A former Playmate of the Year — surprise, surprise! — and a veteran of TV soap operas, the Canadian-born Tweed made her first significant screen appearance in Hot Dog… The Movie, a singularly dopey 1984 farce about sex on the ski slopes. As a hormonally inflamed ski bunny who comes on to men, women and tender vegetation, Tweed evidenced a genuine flair for flirty comedy. She also removed her clothing and jumped on warm bodies, signature behavior that would carry her far as a V-movie star.

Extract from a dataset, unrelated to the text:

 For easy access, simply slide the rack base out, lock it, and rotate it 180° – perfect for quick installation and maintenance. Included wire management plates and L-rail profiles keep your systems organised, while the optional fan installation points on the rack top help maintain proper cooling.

Throughout the 1990s, Tweed appeared in literally dozens of made-for-video features, playing everything from vengefully homicidal widows to kickboxing action heroines, from cunning femmes fatales to bamboozled defense attorneys. The only constant has been her proclivity for nakedness, partial or otherwise, even when there isn’t time or motivation for soft-core gymnastics. In Hard Vice — a low-rent thriller that plays like a pilot for a TV series even undiscriminating insomniacs wouldn’t watch — Tweed is a hard-boiled cop teamed with harder-boiled Sam Jones to find a serial killer of hookers. Nothing much happens between these two until, more than halfway into the film, Tweed simply rips off her shirt and grabs her hunky co-star. It’s almost as though, off camera, director Joey Travolta suddenly slapped his forehead and yelped: “Damn! I almost forgot! This is a Shannon Tweed movie! Lose the blouse, honey!” The scene is a paradigm of gratuitous nudity: Once it’s out of the way, Tweed remains fully clothed for the rest of the film.

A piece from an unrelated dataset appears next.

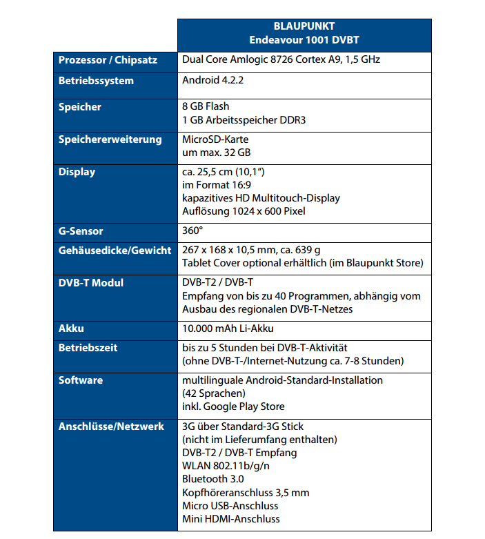 Und auch wenn in Deutschland erst 2016 mit dem Empfang von DVB-T2-Signalen (dem Nachfolger von DVB-T – mit verbessertem und robusterem Signal) zu rechnen ist, ist das Blaupunkt-Tablet bereits jetzt hierfür ausgestattet. Damit der Fernsehvergnügen nicht abrupt beendet wird, wurde das Gerät mit einem 10.000 mAh ausgestattet, der bis zu fünf Stunden TV-Empfang verspricht.

Well into the second decade of her V-movie career, Tweed remains a vivaciously attractive and reasonably competent actress who can rise to the occasion in painless time-killers such as Sexual Response, a Fatal Attraction clone in which she plays an adulterous talk-radio sex therapist, and Forbidden Sins, a Jagged Edge knock-off which casts her as the lawyer for an accused killer who looks and acts guilty only because he is. Unfortunately, Tweed can do little to elevate something as mind-numbingly, jaw-droppingly awful as, say, Scandalous Behavior. Even more unfortunately, her resume indicates a work ethic unimpeded by discriminating taste. “I read scripts and think, `That’s pretty good,'” she once told an interviewer. “And then it turns out to be nothing like what I read. I always feel betrayed at the end of a movie.” Poor dear.
SELECTED FILMOGRAPHY:
1984: “Hot Dog… The Movie.” 1987: “Meatballs III.” 1988: “Cannibal Women in the Avocado Jungle of Death.” 1989: “Code Name: Vengeance.” 1992: “Sexual Response,” “Night Eyes II,” “The Naked Truth.” 1993: “Night Eyes III,” “Indecent Behavior.” 1994: “Indecent Behavior II,” “Illicit Dreams,” “No Contest,” “Hard Vice.” 1995: “Indecent Behavior III,” “Body Chemistry 4: Full Exposure.” 1997: “No Contest II,” “Human Desires.” 1998: “Scandalous Behavior,” “Forbidden Sins,” “Forbidden by Law,” “Naked Lies.” 1999: “Detroit Rock City,” “Power Play.”